Had we traveled through the Great Smoky Mountains over the beautiful Blue Ridge Parkway or had we gone via the coast passed the Outer Banks. I would have lovely scenery to describe for you. But we traveled on I95, and you know the scenery—gorgeous green trees lining the highway, browning grass as well, very few road signs, lots of exits with signs leading to food (Subway, McDonalds, Cracker Barrel, Sonny’s BBQ, an occasional family restaurant and such), others leading to lodging (Hampton Inn, Marriott Motels, Red Roof, and many more), and still others leading to gasoline.

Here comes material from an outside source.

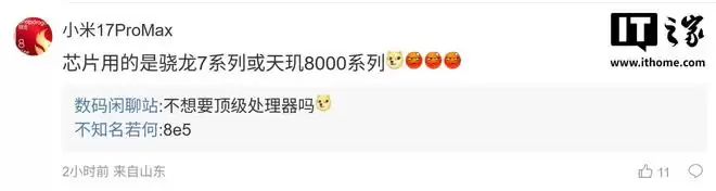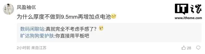 随后有用户在评论区询问:“为什么不做厚一点到9.5毫米,再把电池容量增加一些呢?”博主回复道:“那样就完全不在乎手感了吗?[狗头斜眼]”另一位用户则提问:“芯片会用骁龙7系列,还是天玑800系列?[狗头斜眼]”博主则回答道:“是不想要顶级处理器吗?[狗头斜眼]”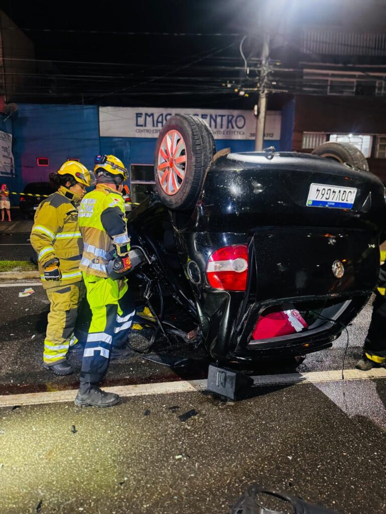 De acordo com o Corpo de Bombeiros, a equipe foi acionada por volta da meia-noite para atendimento de uma ocorrência de capotamento. No local, os militares encontraram um veículo VW Fox, de cor preta, capotado com as rodas para cima. Segundo a Polícia Militar, o acidente ocorreu após uma perseguição policial, quando o condutor teria perdido o controle da direção e capotado o veículo na via urbana.

We pay the most attention to anything that says “diesel” and any food restaurant where we dare to eat. But today we needed to shop for a little food. So we went hunting for a Food Mart of any variety or a Walmart. After a few forays into the countryside, we finally found a Walmart, and satisfied our needs with no effort. RVers know, and others might like to know, that you can stay over night in a Walmart’s parking lot at no charge. There is security patrolling as well. Why would Walmart’s be so welcoming? A little research revealed that every camper who stays overnight spends a minimum of $50.00 shopping the next day in Walmart’s. Good deal for both of them. We haven’t done it yet.If we got stuck, we certainly would.

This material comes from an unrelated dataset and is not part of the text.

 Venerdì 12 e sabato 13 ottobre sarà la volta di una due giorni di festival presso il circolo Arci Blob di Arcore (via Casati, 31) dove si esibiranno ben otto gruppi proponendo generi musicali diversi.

We’re almost back into routine, but still not quite. Driving along, we heard a loud clack, sounding like dishes falling out of cabinets. Why wouldn’t they? This mate had not done her job properly, which is to check all the locks on all of the cabinets and the dish cabinets over the sink were open. Fortunately everything is Corian, so no damage done. A good reminder to me to get back into routine—check locks, close windows, nothing left out that could fall or break, hand Allie the trash to put out for pickup, and as the sign on the way out says, “Don’t forget your spouse!”

Thanks to all of you for your emails. What fun it is to find them in the morning. I’m happy you are enjoying the blog and love your commentary. Ellen asks if anyone is familiar with “immature manure”.

We pass a sign which tells us that North Carolina is the “Most military-friendly state.” Allie tells me we are now passing Fort Bragg and Pope Air Force Base. I find the juxtaposition of military and friendly unnerving, though I imagine these bases are very good for the economy of North Carolina and possibly even good for the country.

We pass furniture stores, furniture shows, furniture warehouses, and I am reminded that NC was the gathering spot of all furniture designers and salespeople for may years. Perhaps it still is. There are also pottery shops, clothing stores, vineyards and tobacco fields galore. Among all these shops we do find signs advertising Glory canned goods—Southern-style cookin’ just like Grandma made—okra, cabbage, greens, yams, —ready-made and no cooking required. So far I haven’t been persuaded.

With all the road work we’ve seen (unlimited in Florida, some in Georgia, less in the Carolinas, and more in Virginia), I’ve decided that in my next life I’ll be in the barrier business—you know, those orange striped barriers on the side and all around any road work. We see hundreds of them all the time, some battered and beaten, but all proudly providing barriers to keep the workers safe. Think about it—they’re cheap, almost indestructible, need no maintenance, only housing and transportation. And you can use them over and over. Not a glamorous occupation, but I think it could be very lucrative.

Here’s Virginia. “Virginia is for lovers” says the sign. Now isn’t that better than friendly militaries? Virginia is also the seat of the first permanent English Colony, in 1607. Curiously, North Carolina had one first, founded by Sir Walter Raleigh, consisting of about 100 English fathers, mothers, and children, but it only lasted about a year and then disappeared. How’s that for a fact that you always wished you’d known?

This KOA park is lovely, not nearly full, but it’s very early in the season. Housing an RV is very inexpensive.  This park is one-third more expensive than any of the KOAs we were in up to now. Location, location, location.

Goodnight, dear family and friends. Day 4 will take us from Ashland VA to Carlisle, PA. A shoutout to Bobby Lerman’s alma mater, Dickinson.